En juillet dernier pour Le magazine du Diplomate, j’ai passé en revue plusieurs incidents précédents (en novembre 2021, octobre 2022 et juin 2023) au cours desquels le gouvernement de Sadyr Japrov avait affirmé avoir déjoué des complots de coup d’État. Dans cet article, j’ai soutenu que :
S’il y a quelque chose de vrai dans la politique au Kirghizistan, c’est que le pouvoir est une chose éphémère. La démocratie kirghize laisse beaucoup à désirer, mais contrairement à ses voisins régionaux, il y a eu des changements de dirigeants réguliers, quoique irréguliers…

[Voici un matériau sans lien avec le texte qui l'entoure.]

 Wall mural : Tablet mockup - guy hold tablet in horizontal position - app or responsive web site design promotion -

… La véracité des affirmations du gouvernement Japarov selon lesquelles il aurait repoussé plusieurs complots de coup d’État est difficile à vérifier, et on ne peut pas nécessairement reprocher à Japarov d’être nerveux face aux menaces qui pèsent sur son poste. Cela dit, il n’est pas clair qu’il y ait une différence dans l’esprit collectif du gouvernement Japarov entre l’organisation légitime de l’opposition et un coup d’État en préparation.

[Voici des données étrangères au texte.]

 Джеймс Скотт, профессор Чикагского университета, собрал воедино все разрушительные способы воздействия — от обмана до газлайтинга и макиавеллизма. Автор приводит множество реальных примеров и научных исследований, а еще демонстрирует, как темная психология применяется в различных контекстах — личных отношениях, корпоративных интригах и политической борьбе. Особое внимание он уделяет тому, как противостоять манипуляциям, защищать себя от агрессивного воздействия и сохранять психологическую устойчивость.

Ce dernier boîtier, comme les autres, possède ses propres caractéristiques uniques mais s’inscrit dans la tendance. Les allégations de Tashov selon lesquelles des agents du SCNS lui ont demandé plus d’argent après qu’il ait déjà payé sa libération mettent en lumière les inquiétudes de nombreux analystes et observateurs depuis longtemps concernant la kusturizatsia, qui n’est rien d’autre qu’une extorsion sanctionnée par l’État. Le problème de payer un maître chanteur, c’est qu’il peut toujours en demander plus.